▶ **Work item**
Write out, word for word and with no pictures, each line below from the one containing "Cresfimixженские модные черные" through the one containing "Filliou, Robert, a", both included, and no other line.

▶ **Records provided**
Segment Open
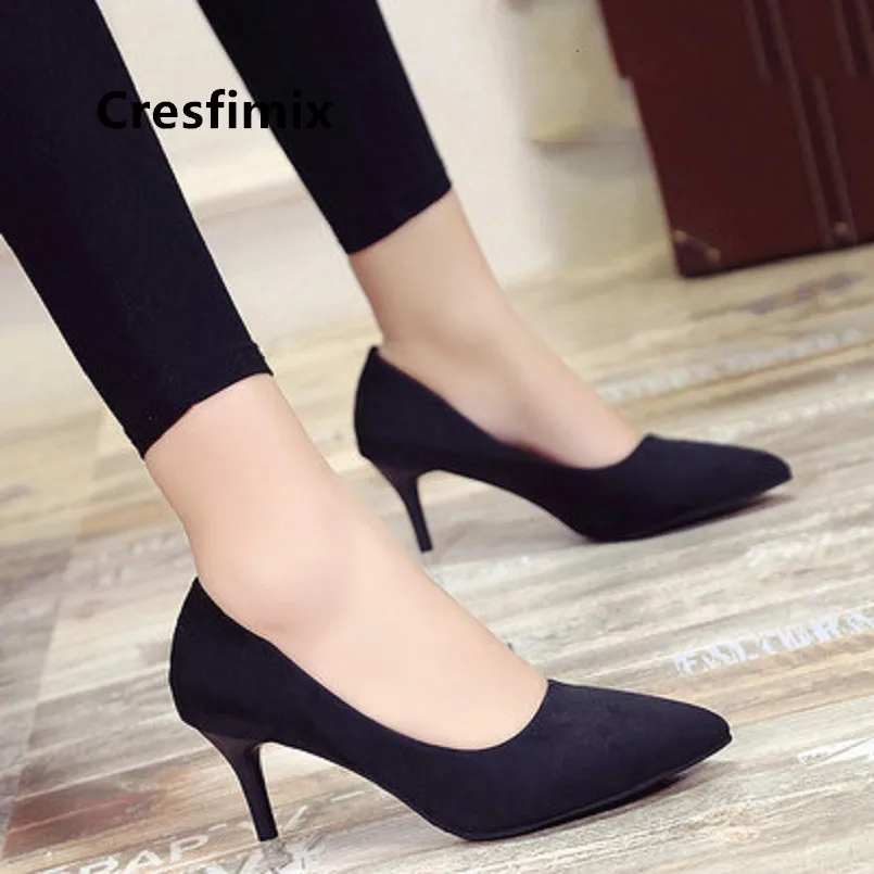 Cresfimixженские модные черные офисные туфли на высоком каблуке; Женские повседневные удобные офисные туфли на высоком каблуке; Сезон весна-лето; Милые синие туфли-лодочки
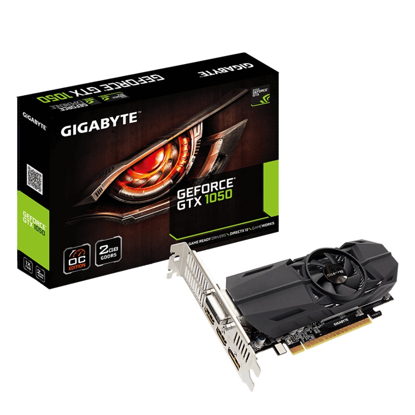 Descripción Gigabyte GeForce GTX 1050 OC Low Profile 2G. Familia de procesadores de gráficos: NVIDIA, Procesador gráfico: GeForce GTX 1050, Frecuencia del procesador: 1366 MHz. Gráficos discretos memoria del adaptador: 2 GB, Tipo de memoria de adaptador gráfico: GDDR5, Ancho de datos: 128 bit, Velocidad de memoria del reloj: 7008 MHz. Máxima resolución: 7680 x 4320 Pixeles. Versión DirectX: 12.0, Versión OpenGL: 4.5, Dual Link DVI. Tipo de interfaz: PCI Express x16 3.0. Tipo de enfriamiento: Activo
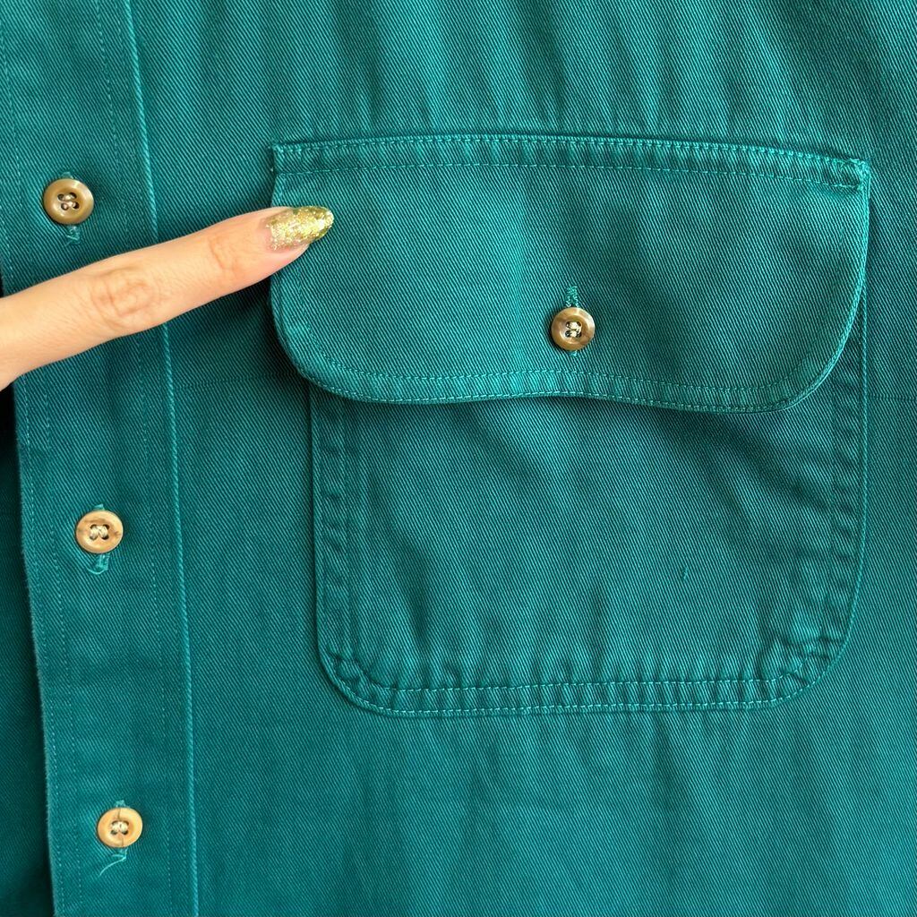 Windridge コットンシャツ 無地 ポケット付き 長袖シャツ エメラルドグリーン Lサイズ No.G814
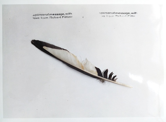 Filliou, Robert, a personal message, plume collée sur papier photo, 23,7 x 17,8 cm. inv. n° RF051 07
Segment Closed
Segment Open
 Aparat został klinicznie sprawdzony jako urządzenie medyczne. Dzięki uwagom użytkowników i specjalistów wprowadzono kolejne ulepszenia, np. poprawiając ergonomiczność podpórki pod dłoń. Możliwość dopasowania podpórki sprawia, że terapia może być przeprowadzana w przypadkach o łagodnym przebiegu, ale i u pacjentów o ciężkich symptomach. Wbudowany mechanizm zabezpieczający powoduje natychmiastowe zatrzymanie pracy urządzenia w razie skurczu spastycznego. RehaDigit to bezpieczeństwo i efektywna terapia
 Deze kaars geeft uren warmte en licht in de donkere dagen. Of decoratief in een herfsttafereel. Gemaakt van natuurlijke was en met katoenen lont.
Segment Closed
▶ **Response to this exercise**
 Cresfimixженские модные черные офисные туфли на высоком каблуке; Женские повседневные удобные офисные туфли на высоком каблуке; Сезон весна-лето; Милые синие туфли-лодочки
 Descripción Gigabyte GeForce GTX 1050 OC Low Profile 2G. Familia de procesadores de gráficos: NVIDIA, Procesador gráfico: GeForce GTX 1050, Frecuencia del procesador: 1366 MHz. Gráficos discretos memoria del adaptador: 2 GB, Tipo de memoria de adaptador gráfico: GDDR5, Ancho de datos: 128 bit, Velocidad de memoria del reloj: 7008 MHz. Máxima resolución: 7680 x 4320 Pixeles. Versión DirectX: 12.0, Versión OpenGL: 4.5, Dual Link DVI. Tipo de interfaz: PCI Express x16 3.0. Tipo de enfriamiento: Activo
 Windridge コットンシャツ 無地 ポケット付き 長袖シャツ エメラルドグリーン Lサイズ No.G814
 Filliou, Robert, a personal message, plume collée sur papier photo, 23,7 x 17,8 cm. inv. n° RF051 07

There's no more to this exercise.